= SOURCE DATA =
★ ★ ★ ★ ★ ★ ★

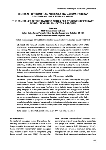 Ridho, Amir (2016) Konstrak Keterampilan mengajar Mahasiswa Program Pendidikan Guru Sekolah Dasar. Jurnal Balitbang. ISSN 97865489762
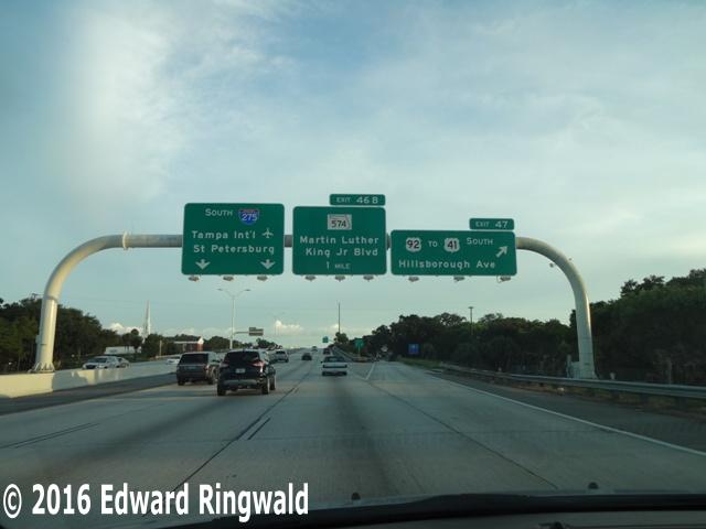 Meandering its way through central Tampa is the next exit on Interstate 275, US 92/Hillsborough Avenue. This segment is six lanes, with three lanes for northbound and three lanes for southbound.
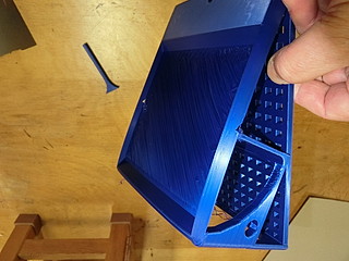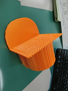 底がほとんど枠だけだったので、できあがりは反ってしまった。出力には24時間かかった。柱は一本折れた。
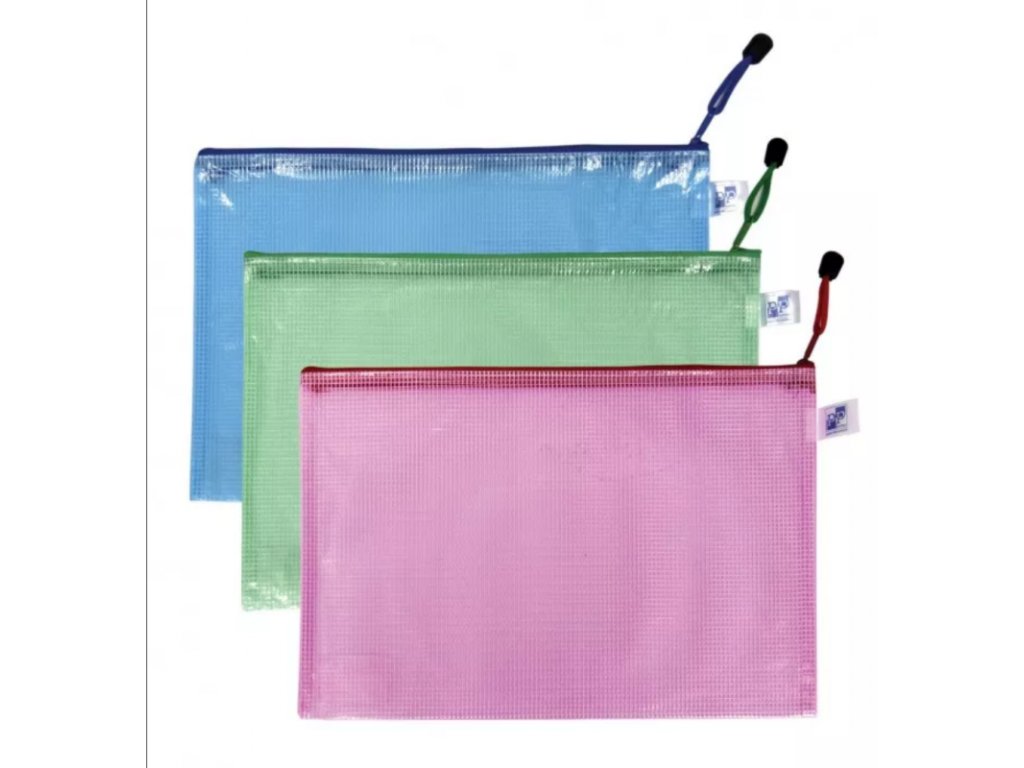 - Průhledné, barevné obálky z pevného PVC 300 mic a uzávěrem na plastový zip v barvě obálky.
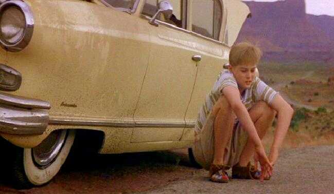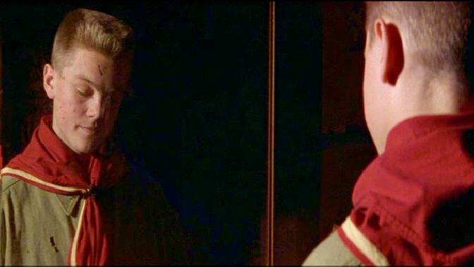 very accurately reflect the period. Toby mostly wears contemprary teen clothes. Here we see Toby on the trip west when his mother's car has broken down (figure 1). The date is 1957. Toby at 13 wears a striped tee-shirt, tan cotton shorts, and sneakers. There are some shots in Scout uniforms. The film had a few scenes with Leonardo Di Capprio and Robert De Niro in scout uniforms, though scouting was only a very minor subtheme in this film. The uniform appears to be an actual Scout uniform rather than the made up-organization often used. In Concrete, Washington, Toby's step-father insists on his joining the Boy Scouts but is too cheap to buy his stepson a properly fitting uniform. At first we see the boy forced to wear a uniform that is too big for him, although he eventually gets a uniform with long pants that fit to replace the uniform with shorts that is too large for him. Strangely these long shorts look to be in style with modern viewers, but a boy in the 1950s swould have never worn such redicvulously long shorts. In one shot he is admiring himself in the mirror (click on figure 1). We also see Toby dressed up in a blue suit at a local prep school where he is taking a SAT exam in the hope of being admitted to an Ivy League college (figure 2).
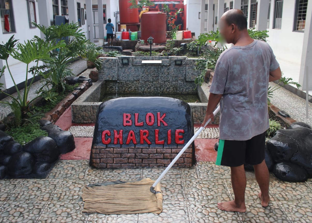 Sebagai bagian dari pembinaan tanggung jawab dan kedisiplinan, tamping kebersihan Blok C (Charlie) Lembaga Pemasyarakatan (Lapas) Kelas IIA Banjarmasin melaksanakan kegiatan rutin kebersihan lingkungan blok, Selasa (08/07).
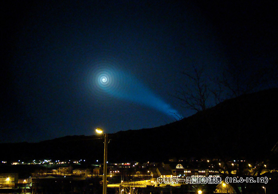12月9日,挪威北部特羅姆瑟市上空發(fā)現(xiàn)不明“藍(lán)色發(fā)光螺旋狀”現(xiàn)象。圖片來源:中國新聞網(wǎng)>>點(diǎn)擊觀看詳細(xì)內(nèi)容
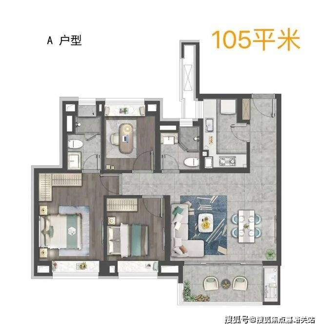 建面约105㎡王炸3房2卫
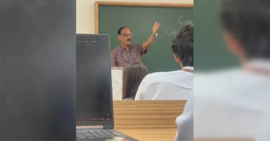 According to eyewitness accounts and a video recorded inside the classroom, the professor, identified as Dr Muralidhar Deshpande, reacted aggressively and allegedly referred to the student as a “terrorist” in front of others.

★ ★ ★ ★ ★ ★ ★

= REQUIRED ACTION =
For this exercise, set down exactly the lines that run from the line holding "12月9日,挪威北部特羅姆瑟" to the last line of the records above; include both end lines and omit pictures.

= RESPONSE =
12月9日,挪威北部特羅姆瑟市上空發(fā)現(xiàn)不明“藍(lán)色發(fā)光螺旋狀”現(xiàn)象。圖片來源:中國新聞網(wǎng)>>點(diǎn)擊觀看詳細(xì)內(nèi)容
 建面约105㎡王炸3房2卫
 According to eyewitness accounts and a video recorded inside the classroom, the professor, identified as Dr Muralidhar Deshpande, reacted aggressively and allegedly referred to the student as a “terrorist” in front of others.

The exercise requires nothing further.